This class will introduce students to the practice of ethnographic field work, or participant observation research. Students will read works on the practice of ethnography and actual ethnographic studies to acquire exposure to a variety of theoretical approaches, empirical topics, and debates. Students will also conduct several weeks of ethnographic research, produce field notes, and write a short final paper based on their research. Each week we will discuss the field notes, which students will have exchanged before each session. The class should appeal to students interested in both the social sciences and the humanities, in part because it concerns the study of and reflection upon the human condition in live situations, and in part because the main theoretical approaches to the practice are rooted in deeper philosophical traditions. So, while becoming familiar with ethnographic theory students will be introduced to philosophical strains such as semiotics, existentialism, pragmatism, and phenomenology.

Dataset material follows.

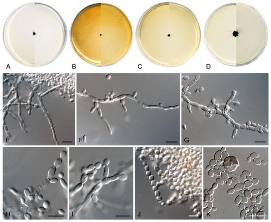 Description—On potato dextrose agar after two weeks at 25 °C—Mycelium scarce, submerged, composed of pale olivaceous-brown to olivaceous-brown, septate, branching, smooth- and thin-walled hyphae, consisting of cylindrical or torulose cells, 2–4 μm wide (Figure 9E). Conidiogenous cells annellidic, mono- to polyblastic, integrated to the hyphae or discrete, then laterally disposed, pale olivaceous-brown to olivaceous-brown, cylindrical, sub-cylindrical, ellipsoidal to broadly ovoid, 4–12 × 2–4 μm (Figure 9F–H). Conidia enteroblastic, non-septate, subhyaline to pale olivaceous-brown, smooth- and thin-walled, cylindrical with rounded ends, ellipsoidal, ovoid to nearly globose, 2–8 × 2–4 μm, often forming chains. Yeast-like cells very abundant, non-septate, subhyaline to olivaceous brown, smooth- and thin-walled, ellipsoidal to ovoid or nearly globose, 2–7 × 2–5 μm, developing secondary conidia to form long chains (Figure 9I–K). Chlamydospores and sexual morph not seen.

This course fulfills the Social Science requirement
Omar M. McRoberts is currently an Associate Professor in the Department of Sociology and The College. McRoberts' scholarly and teaching interests include the sociology of religion, urban sociology, urban poverty, race, and collective action. His first book, Streets of Glory: Church and Community in a Black Urban Neighborhood is based on an ethnographic study of religious life in Four Corners: a poor, predominantly black neighborhood in Boston containing twenty-nine congregations. It explains the high concentration, wide variety, and ambiguous social impact of religious activity in the neighborhood. It won the 2005 Distinguished Book Award from the Society for the Scientific Study of Religion. McRoberts currently is conducting a study of black religious responses to, and influences on, social welfare policy since the New Deal, culminating with George W. Bush's Office of Faith Based and Community Initiatives. He is also initiating an ethnographic project on cultures of death and dying among black congregations in low-income urban contexts.